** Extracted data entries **

- Opening Delimiter -

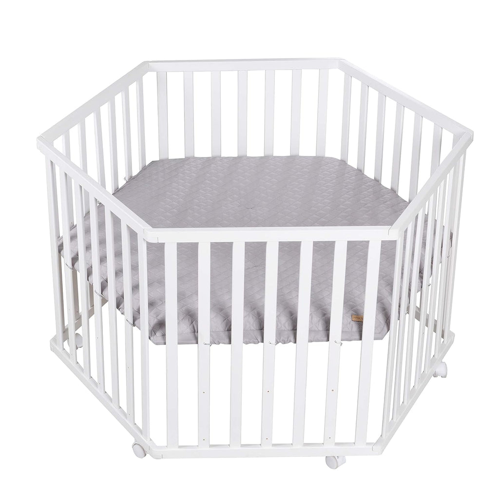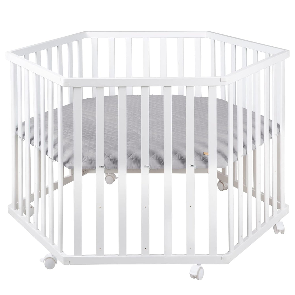 roba Laufgitter 6-eckig - Baby Spielgitter hexagonal + Einlage roba Style grau - 3-fach höhenverstellbar - Mobiler Laufstall mit Rollen - Holz weiß
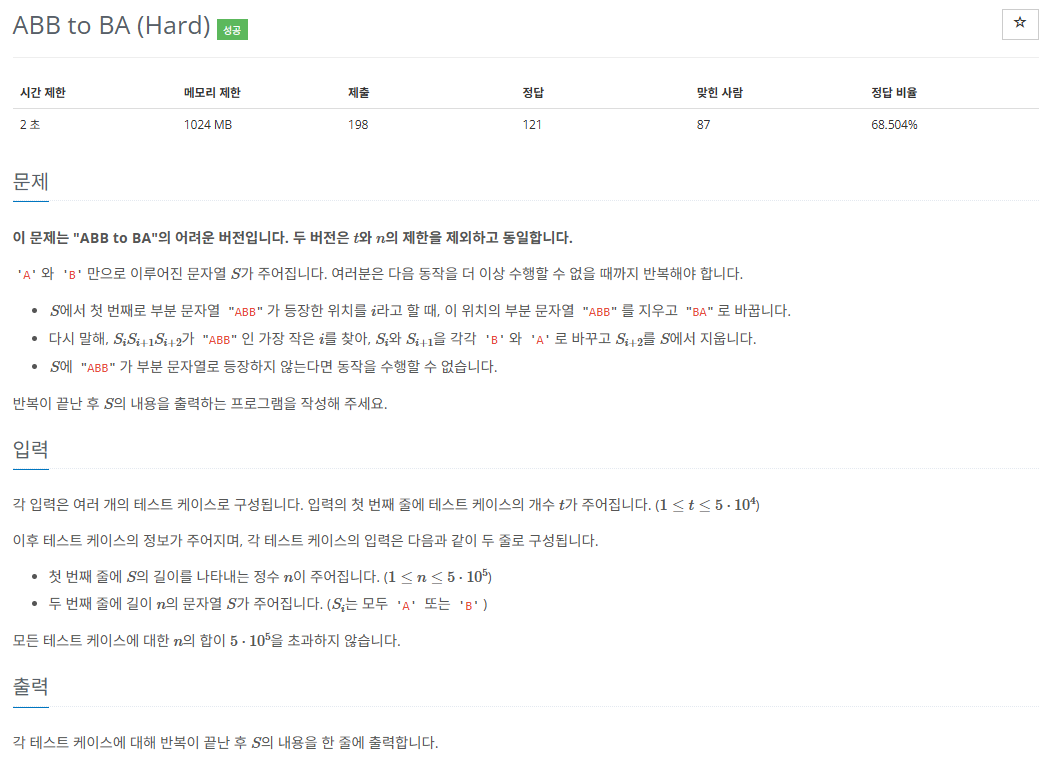 이 문제는 문자열에서 특정 패턴("ABB")을 찾아 변환하는 작업을 반복적으로 수행해야 한다. 그러나 문자열의 길이가 최대 5×10^5이므로 단순한 탐색으로는 시간 초과가 발생한다.
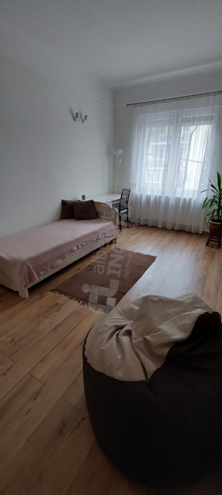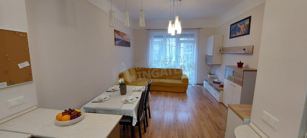 Elrendezése praktikus: amerikai konyhás nappali étkezőrésszel, három külön bejáratú szoba, valamint egy fürdőszoba áll rendelkezésre. A lakás frissen festett, bútorozott állapotban kiadó.
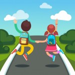 - Boy and girl students on a way to school
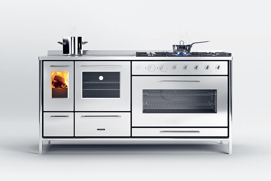 L’idée naît sur un petit stand du salon Progetto Fuoco à Vérone. Un poêle rustique, fonctionnant aux deux combustibles, inspire une nouvelle réflexion.
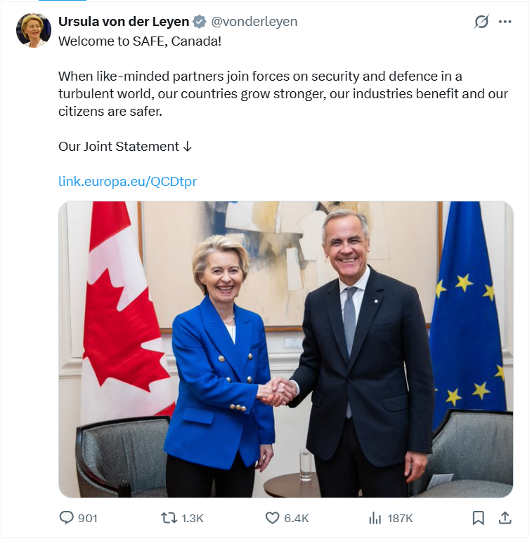 Canada a devenit oficial prima țară non-UEcare a aderat la programul de finanțare a apărării al Uniunii Europene, SAFE, instrumentul de investiții în apărare în valoare de 150 de miliarde de euro. Anunțul a fost făcut pe 1 decembrie de către premierul canadian Mark Carney și liderii Uniunii Europene. Acordul este văzut ca un pas important în consolidarea Parteneriatului de Securitate și Apărare UE-Canada, semnat în iunie 2025.
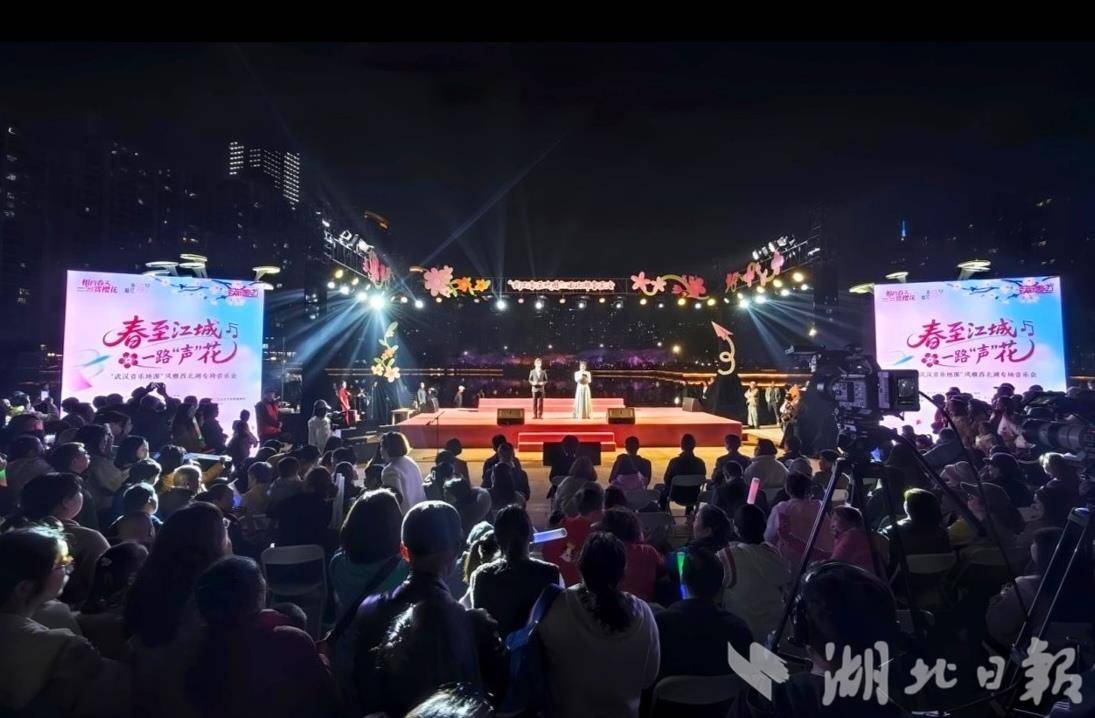 湖北日报讯(记者农新瑜、通讯员韦绪华)3月21日晚,武汉汉口西北湖广场上,人头攒动,夜樱璀璨,歌声飞扬。武汉市文联品牌文艺活动“武汉音乐地图”走进汉口西北湖专场音乐会在此精彩上演,武汉知名音乐人及演出团队轮番登台,唱响武汉之歌,引来千余市民游客驻足观看。
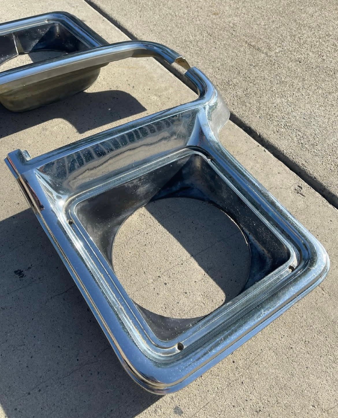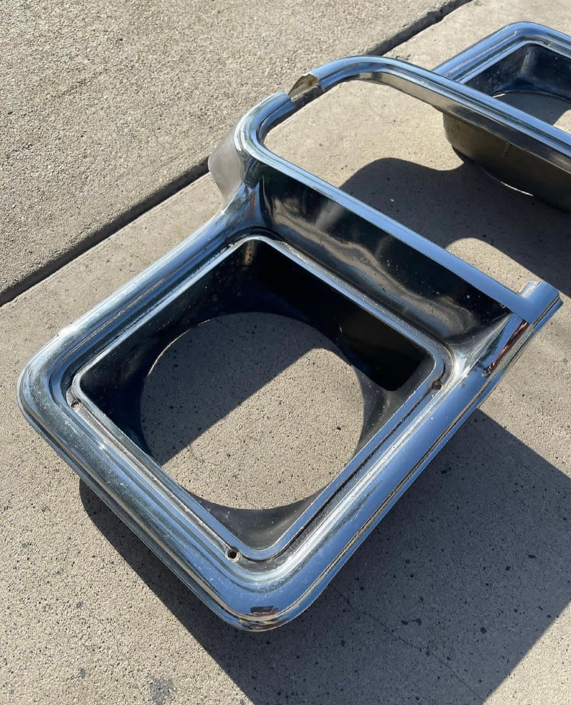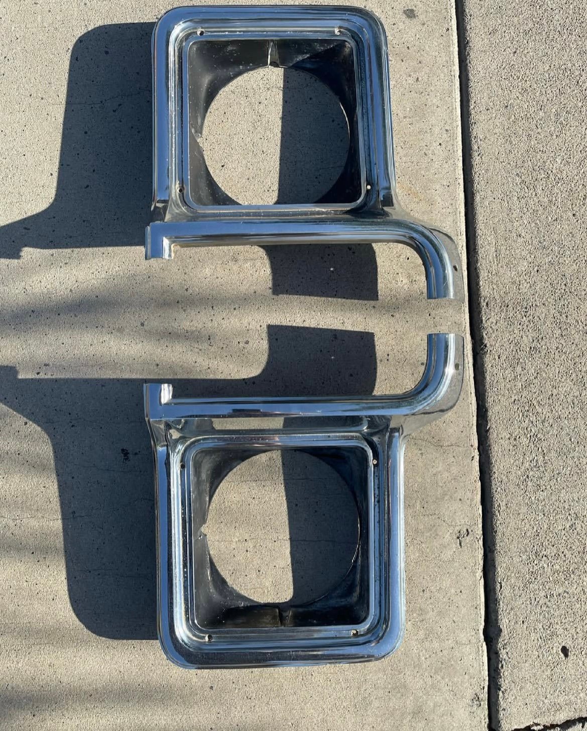 Original GM parts – Metal. Showing all the normal signs of wear and tear from use and age. Chrome is still in great shape and these can still be polished out or restored to a new finish if desired. No cracks or dents. These will fit your Squarebody trucks, k5 blazers and suburbans of similar years.
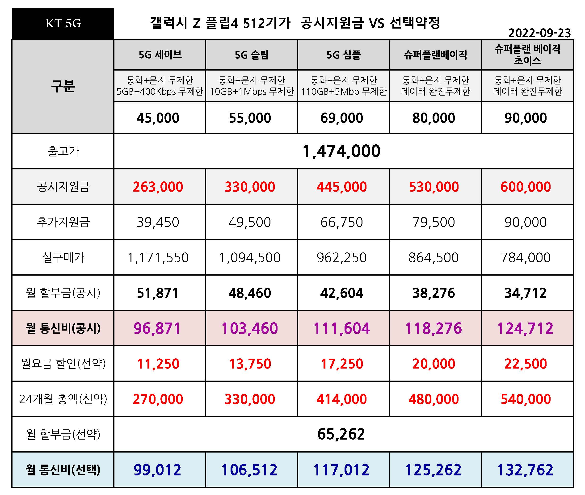 갤럭시 Z 플립4 512기가 공시지원금 VS 선택약정 월 통신비 비교 - 9월 23일 기준
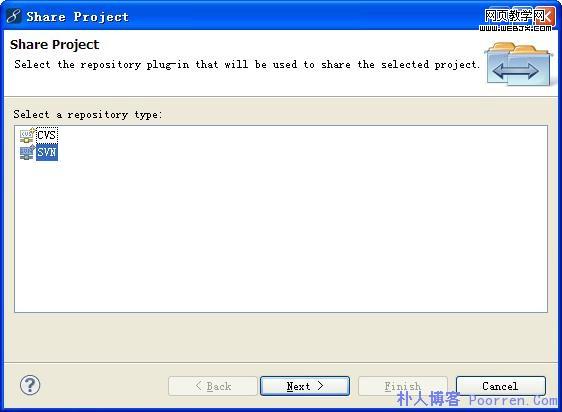 打开后因为有cvs和svn两种功能,这里我们选择svn,如图。
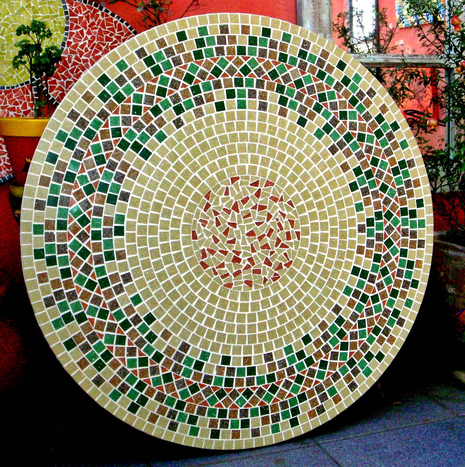Mesa com diâmetro de 85 cm., confeccionada com pastilhas de vidro pigmentadas, em tons de marrom, terracota e verde.
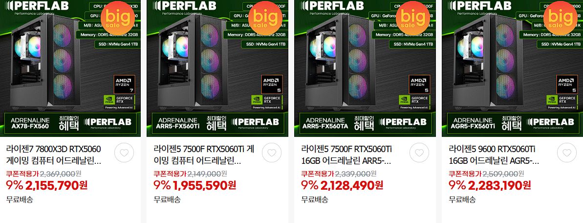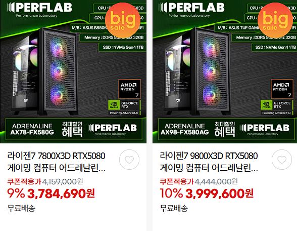 | AMD 7800X3D+RX9070XT 16G+32GB+1TB 조립PC 할인 (0) | 2026.01.28 |

- Closing Delimiter -

** What the task requires **
With the images left out, set down every entry exactly.

** Your response **
 roba Laufgitter 6-eckig - Baby Spielgitter hexagonal + Einlage roba Style grau - 3-fach höhenverstellbar - Mobiler Laufstall mit Rollen - Holz weiß
 이 문제는 문자열에서 특정 패턴("ABB")을 찾아 변환하는 작업을 반복적으로 수행해야 한다. 그러나 문자열의 길이가 최대 5×10^5이므로 단순한 탐색으로는 시간 초과가 발생한다.
 Elrendezése praktikus: amerikai konyhás nappali étkezőrésszel, három külön bejáratú szoba, valamint egy fürdőszoba áll rendelkezésre. A lakás frissen festett, bútorozott állapotban kiadó.
 - Boy and girl students on a way to school
 L’idée naît sur un petit stand du salon Progetto Fuoco à Vérone. Un poêle rustique, fonctionnant aux deux combustibles, inspire une nouvelle réflexion.
 Canada a devenit oficial prima țară non-UEcare a aderat la programul de finanțare a apărării al Uniunii Europene, SAFE, instrumentul de investiții în apărare în valoare de 150 de miliarde de euro. Anunțul a fost făcut pe 1 decembrie de către premierul canadian Mark Carney și liderii Uniunii Europene. Acordul este văzut ca un pas important în consolidarea Parteneriatului de Securitate și Apărare UE-Canada, semnat în iunie 2025.
 湖北日报讯(记者农新瑜、通讯员韦绪华)3月21日晚,武汉汉口西北湖广场上,人头攒动,夜樱璀璨,歌声飞扬。武汉市文联品牌文艺活动“武汉音乐地图”走进汉口西北湖专场音乐会在此精彩上演,武汉知名音乐人及演出团队轮番登台,唱响武汉之歌,引来千余市民游客驻足观看。
 Original GM parts – Metal. Showing all the normal signs of wear and tear from use and age. Chrome is still in great shape and these can still be polished out or restored to a new finish if desired. No cracks or dents. These will fit your Squarebody trucks, k5 blazers and suburbans of similar years.
 갤럭시 Z 플립4 512기가 공시지원금 VS 선택약정 월 통신비 비교 - 9월 23일 기준
 打开后因为有cvs和svn两种功能,这里我们选择svn,如图。
Mesa com diâmetro de 85 cm., confeccionada com pastilhas de vidro pigmentadas, em tons de marrom, terracota e verde.
 | AMD 7800X3D+RX9070XT 16G+32GB+1TB 조립PC 할인 (0) | 2026.01.28 |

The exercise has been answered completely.